[[ EXTRACTED MATERIAL open ]]

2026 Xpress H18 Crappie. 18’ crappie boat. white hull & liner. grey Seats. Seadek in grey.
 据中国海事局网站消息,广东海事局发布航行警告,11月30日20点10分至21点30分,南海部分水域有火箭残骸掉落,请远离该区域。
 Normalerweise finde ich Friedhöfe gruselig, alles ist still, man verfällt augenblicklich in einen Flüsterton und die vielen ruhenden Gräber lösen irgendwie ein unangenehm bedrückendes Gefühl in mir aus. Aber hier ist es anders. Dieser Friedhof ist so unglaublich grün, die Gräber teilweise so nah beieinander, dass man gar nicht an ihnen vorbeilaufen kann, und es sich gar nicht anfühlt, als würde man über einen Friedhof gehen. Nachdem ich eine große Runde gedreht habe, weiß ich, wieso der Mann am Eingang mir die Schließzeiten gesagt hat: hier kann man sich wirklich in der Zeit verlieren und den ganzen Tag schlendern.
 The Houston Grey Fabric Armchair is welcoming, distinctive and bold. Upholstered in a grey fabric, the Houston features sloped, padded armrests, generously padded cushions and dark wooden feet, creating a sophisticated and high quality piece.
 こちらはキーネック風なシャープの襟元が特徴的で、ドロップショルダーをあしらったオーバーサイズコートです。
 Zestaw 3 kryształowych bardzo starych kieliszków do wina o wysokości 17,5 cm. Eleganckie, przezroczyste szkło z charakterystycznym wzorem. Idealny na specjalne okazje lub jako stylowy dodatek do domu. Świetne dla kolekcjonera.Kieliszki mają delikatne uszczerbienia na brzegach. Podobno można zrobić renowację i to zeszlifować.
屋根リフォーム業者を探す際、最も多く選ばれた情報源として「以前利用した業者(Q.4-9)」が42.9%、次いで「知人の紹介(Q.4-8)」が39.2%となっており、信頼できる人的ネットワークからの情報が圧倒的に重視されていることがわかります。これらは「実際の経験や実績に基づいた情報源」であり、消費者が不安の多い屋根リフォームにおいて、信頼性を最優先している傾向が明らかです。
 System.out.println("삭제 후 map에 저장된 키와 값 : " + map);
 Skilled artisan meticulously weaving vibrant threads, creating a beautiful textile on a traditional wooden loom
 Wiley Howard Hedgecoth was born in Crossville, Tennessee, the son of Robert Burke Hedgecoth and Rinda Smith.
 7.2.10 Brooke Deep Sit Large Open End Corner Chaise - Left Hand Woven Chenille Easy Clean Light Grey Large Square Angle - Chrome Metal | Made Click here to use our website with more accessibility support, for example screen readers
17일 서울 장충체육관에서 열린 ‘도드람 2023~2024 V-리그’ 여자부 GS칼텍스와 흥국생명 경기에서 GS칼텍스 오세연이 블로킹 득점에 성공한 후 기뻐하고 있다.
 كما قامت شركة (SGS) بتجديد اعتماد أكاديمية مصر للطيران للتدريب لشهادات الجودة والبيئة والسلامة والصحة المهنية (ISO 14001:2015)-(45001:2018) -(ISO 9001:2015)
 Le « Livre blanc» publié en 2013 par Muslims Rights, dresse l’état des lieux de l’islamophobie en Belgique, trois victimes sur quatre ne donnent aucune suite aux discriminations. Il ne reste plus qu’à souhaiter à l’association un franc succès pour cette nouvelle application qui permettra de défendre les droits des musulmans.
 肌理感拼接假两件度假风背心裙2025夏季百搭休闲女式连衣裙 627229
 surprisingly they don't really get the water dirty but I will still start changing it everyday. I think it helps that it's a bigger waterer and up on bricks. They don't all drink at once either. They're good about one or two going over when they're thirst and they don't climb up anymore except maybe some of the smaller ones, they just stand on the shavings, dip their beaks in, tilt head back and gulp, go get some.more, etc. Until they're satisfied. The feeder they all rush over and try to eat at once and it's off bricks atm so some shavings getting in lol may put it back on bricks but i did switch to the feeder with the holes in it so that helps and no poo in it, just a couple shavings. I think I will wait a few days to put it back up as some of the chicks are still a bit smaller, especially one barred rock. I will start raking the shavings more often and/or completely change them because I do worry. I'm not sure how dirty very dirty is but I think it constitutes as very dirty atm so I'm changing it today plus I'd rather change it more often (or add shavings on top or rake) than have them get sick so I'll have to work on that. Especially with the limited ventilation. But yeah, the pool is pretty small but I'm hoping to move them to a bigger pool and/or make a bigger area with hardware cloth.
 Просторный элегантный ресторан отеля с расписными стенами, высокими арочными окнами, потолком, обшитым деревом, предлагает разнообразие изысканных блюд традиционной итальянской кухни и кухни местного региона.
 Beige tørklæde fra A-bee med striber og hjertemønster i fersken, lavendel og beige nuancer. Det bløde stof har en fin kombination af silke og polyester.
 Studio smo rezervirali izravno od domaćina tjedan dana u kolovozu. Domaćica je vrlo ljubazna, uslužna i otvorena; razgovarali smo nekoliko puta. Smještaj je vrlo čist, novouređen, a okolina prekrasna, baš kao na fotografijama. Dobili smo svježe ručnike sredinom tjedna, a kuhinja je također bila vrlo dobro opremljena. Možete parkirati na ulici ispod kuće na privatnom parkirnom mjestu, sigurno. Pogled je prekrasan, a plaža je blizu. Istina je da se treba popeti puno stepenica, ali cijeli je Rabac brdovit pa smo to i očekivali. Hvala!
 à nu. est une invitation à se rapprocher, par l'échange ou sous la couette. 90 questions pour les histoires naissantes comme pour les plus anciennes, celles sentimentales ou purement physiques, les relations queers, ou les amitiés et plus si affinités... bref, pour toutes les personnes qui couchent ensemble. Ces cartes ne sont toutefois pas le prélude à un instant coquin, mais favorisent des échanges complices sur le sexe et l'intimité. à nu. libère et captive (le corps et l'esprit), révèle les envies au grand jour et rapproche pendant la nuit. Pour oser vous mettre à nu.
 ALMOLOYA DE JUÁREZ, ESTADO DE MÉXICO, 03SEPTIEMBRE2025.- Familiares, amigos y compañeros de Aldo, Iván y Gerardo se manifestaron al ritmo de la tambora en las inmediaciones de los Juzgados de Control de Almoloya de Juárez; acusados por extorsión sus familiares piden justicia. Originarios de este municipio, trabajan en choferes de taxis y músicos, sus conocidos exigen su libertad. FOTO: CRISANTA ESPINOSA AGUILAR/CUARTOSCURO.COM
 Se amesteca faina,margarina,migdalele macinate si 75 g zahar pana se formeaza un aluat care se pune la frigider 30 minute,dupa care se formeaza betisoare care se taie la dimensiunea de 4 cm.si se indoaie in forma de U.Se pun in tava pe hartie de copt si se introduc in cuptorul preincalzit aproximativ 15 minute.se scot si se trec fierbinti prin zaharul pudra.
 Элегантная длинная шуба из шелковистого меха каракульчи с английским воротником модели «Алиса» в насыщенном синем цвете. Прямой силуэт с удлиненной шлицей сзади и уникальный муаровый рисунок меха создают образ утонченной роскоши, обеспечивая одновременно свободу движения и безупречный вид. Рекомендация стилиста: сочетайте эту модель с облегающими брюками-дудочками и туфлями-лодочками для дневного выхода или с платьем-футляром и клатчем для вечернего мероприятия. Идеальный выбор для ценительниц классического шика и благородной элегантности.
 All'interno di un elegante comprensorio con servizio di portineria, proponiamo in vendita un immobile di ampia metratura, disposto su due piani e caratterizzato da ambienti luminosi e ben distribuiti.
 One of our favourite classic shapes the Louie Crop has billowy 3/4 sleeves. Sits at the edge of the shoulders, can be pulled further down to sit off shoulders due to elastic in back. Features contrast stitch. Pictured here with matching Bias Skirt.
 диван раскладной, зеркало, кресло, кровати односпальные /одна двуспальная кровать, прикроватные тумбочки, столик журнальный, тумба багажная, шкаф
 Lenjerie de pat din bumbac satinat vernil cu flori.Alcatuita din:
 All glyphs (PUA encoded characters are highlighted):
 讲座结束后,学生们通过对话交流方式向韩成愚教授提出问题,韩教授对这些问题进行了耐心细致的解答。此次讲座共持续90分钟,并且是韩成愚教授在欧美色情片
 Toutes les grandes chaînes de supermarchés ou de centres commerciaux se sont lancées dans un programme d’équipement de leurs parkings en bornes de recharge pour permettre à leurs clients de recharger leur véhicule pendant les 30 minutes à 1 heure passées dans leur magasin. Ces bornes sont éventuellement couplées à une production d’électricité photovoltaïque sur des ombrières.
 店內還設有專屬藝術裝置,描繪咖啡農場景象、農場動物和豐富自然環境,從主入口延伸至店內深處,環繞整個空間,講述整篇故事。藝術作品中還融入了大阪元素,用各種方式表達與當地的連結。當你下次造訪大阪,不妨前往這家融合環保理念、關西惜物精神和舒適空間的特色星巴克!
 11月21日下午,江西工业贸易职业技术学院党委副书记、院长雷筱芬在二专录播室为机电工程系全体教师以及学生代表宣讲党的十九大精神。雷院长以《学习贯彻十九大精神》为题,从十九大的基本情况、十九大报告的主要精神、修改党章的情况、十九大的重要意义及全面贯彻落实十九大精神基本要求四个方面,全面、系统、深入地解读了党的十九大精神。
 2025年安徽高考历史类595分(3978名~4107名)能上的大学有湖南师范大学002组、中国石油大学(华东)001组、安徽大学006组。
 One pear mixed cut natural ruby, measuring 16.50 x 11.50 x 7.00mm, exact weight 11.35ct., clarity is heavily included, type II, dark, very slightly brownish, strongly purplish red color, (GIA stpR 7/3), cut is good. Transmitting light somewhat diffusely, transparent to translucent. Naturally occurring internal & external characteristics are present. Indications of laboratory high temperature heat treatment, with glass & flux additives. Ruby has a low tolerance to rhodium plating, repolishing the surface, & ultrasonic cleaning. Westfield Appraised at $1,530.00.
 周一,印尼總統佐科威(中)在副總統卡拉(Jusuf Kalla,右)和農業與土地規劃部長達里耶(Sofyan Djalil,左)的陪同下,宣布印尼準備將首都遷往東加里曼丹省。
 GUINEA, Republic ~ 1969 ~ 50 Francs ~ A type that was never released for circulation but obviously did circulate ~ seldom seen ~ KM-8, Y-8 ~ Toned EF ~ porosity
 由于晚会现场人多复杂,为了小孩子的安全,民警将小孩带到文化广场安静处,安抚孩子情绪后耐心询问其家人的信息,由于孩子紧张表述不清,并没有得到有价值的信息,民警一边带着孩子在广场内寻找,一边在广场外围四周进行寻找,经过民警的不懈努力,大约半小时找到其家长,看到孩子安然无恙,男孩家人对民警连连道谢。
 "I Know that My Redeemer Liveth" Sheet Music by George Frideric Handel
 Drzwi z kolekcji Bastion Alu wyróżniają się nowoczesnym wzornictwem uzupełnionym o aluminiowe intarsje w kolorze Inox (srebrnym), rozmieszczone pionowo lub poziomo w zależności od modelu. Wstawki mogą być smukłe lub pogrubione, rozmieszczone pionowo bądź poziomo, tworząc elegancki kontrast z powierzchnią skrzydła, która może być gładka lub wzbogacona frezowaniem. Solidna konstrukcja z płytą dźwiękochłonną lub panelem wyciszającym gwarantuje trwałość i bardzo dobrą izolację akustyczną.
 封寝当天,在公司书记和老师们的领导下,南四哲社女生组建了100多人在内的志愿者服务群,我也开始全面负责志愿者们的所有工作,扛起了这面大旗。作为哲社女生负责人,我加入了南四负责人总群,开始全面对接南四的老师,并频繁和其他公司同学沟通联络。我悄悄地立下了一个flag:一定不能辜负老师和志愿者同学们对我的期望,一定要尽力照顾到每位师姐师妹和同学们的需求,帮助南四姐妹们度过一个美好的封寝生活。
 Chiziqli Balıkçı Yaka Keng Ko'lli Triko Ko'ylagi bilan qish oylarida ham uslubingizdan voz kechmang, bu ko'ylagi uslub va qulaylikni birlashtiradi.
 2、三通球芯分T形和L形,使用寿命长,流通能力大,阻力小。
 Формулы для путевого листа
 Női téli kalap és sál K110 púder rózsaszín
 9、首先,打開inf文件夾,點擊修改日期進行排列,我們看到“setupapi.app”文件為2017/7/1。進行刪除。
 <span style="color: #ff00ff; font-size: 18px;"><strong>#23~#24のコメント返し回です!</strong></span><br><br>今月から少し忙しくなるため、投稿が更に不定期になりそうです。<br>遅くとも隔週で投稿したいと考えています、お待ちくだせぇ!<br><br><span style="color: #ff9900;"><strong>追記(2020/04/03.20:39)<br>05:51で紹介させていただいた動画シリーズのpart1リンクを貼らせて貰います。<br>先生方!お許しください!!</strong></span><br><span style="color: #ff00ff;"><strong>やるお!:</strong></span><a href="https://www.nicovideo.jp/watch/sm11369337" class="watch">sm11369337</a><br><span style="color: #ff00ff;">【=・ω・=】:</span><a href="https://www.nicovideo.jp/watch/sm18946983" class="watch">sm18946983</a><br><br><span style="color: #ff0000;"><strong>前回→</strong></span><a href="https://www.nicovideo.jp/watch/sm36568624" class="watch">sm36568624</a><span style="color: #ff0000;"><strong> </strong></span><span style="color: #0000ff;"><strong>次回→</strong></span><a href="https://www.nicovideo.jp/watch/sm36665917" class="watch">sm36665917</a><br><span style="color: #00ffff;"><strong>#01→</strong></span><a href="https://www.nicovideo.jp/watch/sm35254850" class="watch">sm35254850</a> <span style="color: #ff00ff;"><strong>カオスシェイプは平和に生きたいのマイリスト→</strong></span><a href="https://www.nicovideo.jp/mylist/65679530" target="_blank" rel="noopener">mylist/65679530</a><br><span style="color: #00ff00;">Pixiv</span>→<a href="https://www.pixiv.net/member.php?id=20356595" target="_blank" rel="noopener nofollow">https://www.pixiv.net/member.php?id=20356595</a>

[[ EXTRACTED MATERIAL closed ]]

ASSIGNMENT:
Give back the opening line of the records above and every line after it, up to and including the one with "こちらはキーネック風なシャー", unchanged.

SOLUTION TO THE PROBLEM:
2026 Xpress H18 Crappie. 18’ crappie boat. white hull & liner. grey Seats. Seadek in grey.
 据中国海事局网站消息,广东海事局发布航行警告,11月30日20点10分至21点30分,南海部分水域有火箭残骸掉落,请远离该区域。
 Normalerweise finde ich Friedhöfe gruselig, alles ist still, man verfällt augenblicklich in einen Flüsterton und die vielen ruhenden Gräber lösen irgendwie ein unangenehm bedrückendes Gefühl in mir aus. Aber hier ist es anders. Dieser Friedhof ist so unglaublich grün, die Gräber teilweise so nah beieinander, dass man gar nicht an ihnen vorbeilaufen kann, und es sich gar nicht anfühlt, als würde man über einen Friedhof gehen. Nachdem ich eine große Runde gedreht habe, weiß ich, wieso der Mann am Eingang mir die Schließzeiten gesagt hat: hier kann man sich wirklich in der Zeit verlieren und den ganzen Tag schlendern.
 The Houston Grey Fabric Armchair is welcoming, distinctive and bold. Upholstered in a grey fabric, the Houston features sloped, padded armrests, generously padded cushions and dark wooden feet, creating a sophisticated and high quality piece.
 こちらはキーネック風なシャープの襟元が特徴的で、ドロップショルダーをあしらったオーバーサイズコートです。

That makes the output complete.